Люба тихо-тихо, совсем медленно пробирается к забору. И пока Славка занят разговором с разгневанной Мазникершей, а все, кроме Любы, стоят вокруг, никто не замечает, как Люба оказывается у самого забора. И когда Мазникерша, вдоволь накричавшись, скрывается в своей квартире, Любка протягивает руку и стучит по шершавому забору так, что ладони больно:
— Палочка-выручалочка, выручи меня за всех и за себя!
Все вздрагивают от неожиданности. Потом начинают смеяться. Опять Славке водить. Всех Люба выручила. Ну что за молодец! Никто не смог, сам Лёва Соловьёв и то не смог выручиться, попался. Славка сегодня очень здорово искал. А Люба смогла, сумела — за всех и за себя. До чего же радостно, как важно не проиграть, оказаться молодцом, победителем — за всех и за себя. И все радуются, и всем весело, даже про игру немного забыли, даже забыли, что Славке опять водить. Смеются и болтают. Белка просит Нюру Кулькову:
— Нюра, спой, пожалуйста, а? Про милёнка, а?
Нюра охотно складывает руки крест-накрест на животе, заводит глаза и поёт тоненьким притворным голосом:
Мой милёнок тракторист, А я трактористка…— Знаешь чего, — толкает Любу в бок Славка, — знаешь, я ведь секрет знаю. — Он говорит тихо, только Люба слышит его. При слове «секрет» у неё от любопытства начинают дрожать глаза.
— Скажи! Про кого, Слав?
Славка улыбается как-то так, словно он взрослый, а Люба маленькая и всё он про неё понимает. И ему нравится быть к ней добрым.
— Про тебя, — усмехается Славка, — про кого ж ещё?
— Ну скажи, скажи скорее, Слава, ну, пожалуйста!
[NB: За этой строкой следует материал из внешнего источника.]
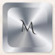 Revamp your drinking accessories with our stunning coaster design, featuring a shiny metallic silver, stainless steel look with a customizable monogram.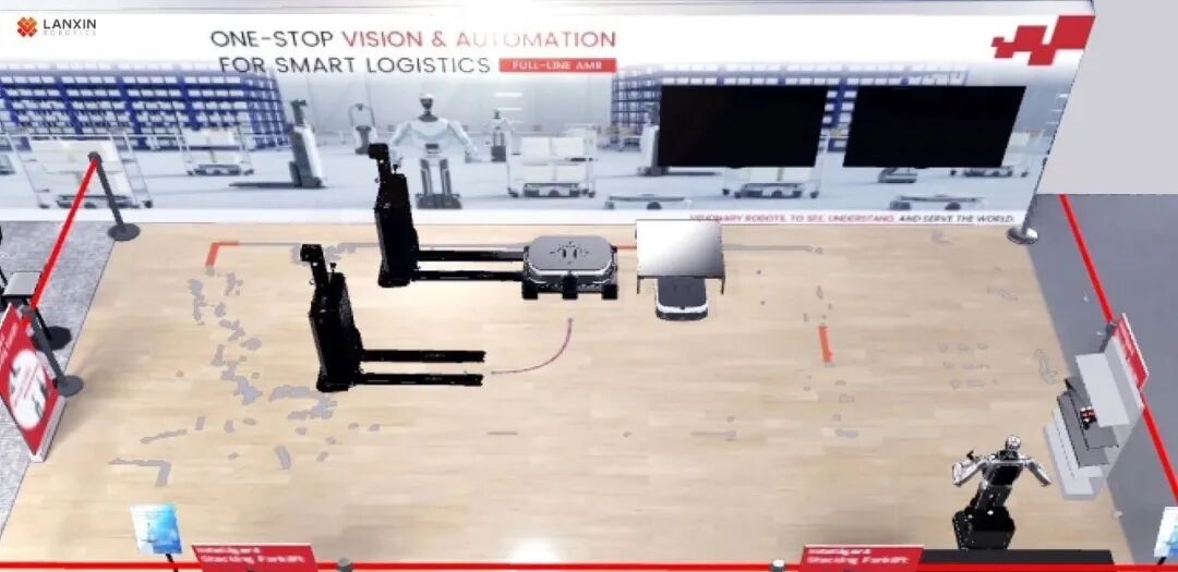 圍繞AI與智能物流的深度融合,藍(lán)芯機(jī)器人在展會現(xiàn)場系統(tǒng)展現(xiàn)了其智慧工廠物流解決方案:通過“3D視覺 + 工業(yè)AMR + 智能調(diào)度系統(tǒng)(RCS)”的協(xié)同架構(gòu),實現(xiàn)從感知、決策到執(zhí)行的全鏈路閉環(huán)。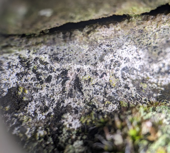 (2) Makroskopische Gestalt (Graue Flecken auf Stein und in der Fuge)

Если он не скажет ей сейчас секрет, что же будет? Это ужас, что будет. Куда девать это нестерпимое любопытство, от которого ладони и пятки колют иголочки?
— Да ладно, скажу, — говорит Славка и оглядывается на ребят, чтобы не услышали. Но все стоят в стороне и слушают Нюрины частушки. — Скажу, так и быть. Я тебя ведь первую нашёл, да, ты за помойкой сидела. Я тебя по кошке и нашёл — жёлтая из восемнадцатой шмыгнула прямо на меня, я и догадался.
— Ой! А чего ж ты тогда…
Люба умолкает. Славка тоже молчит, смотрит поверх забора на первые бледные звёзды. Люба боится посмотреть ему в лицо. Потом поднимает голову и всё-таки смотрит. Широкое лицо и уши торчат, а взгляд немного виноватый.
— Я бы и не сказал. Ну, думаю, что ж, тогда я совсем дурак получился: под носом не увидел. А я же не слепой.
— Ты не слепой, — говорит Люба быстро, — ты не дурак, ты не олух и не растяпа. — Она отбегает, чтобы уйти домой. Потом возвращается к Славке, стоящему посреди двора с удивлённо и радостно поднятыми плечами. — Ты не тетеря. «Если бы ты был не ты, — думает Люба про себя, — если бы ты был Лёва Соловьёв». Но этого она не говорит Славке. Он же не виноват, что он не Лёва Соловьёв.
— Славка! Кулёк! Люба! Что вы там шепчетесь? — зовёт Лёва.
— Больше двух говорят вслух, — добавляет Рита.
Они все опять сидят на скамейке у ворот. Белка подвигается к Рите, и Рита подвигается, и Лёва, и Нюра. На эту скамейку может сесть сколько угодно человек, надо только подвинуться. Сначала все сидят молча. Смотрят на тёмный двор. Слушают голоса вечера. Чтобы получился разговор, надо сначала немного помолчать. Поёт патефон: «Саша, ты помнишь наши встречи в приморском парке на берегу?..» Прогремел трамвай на Плющихе.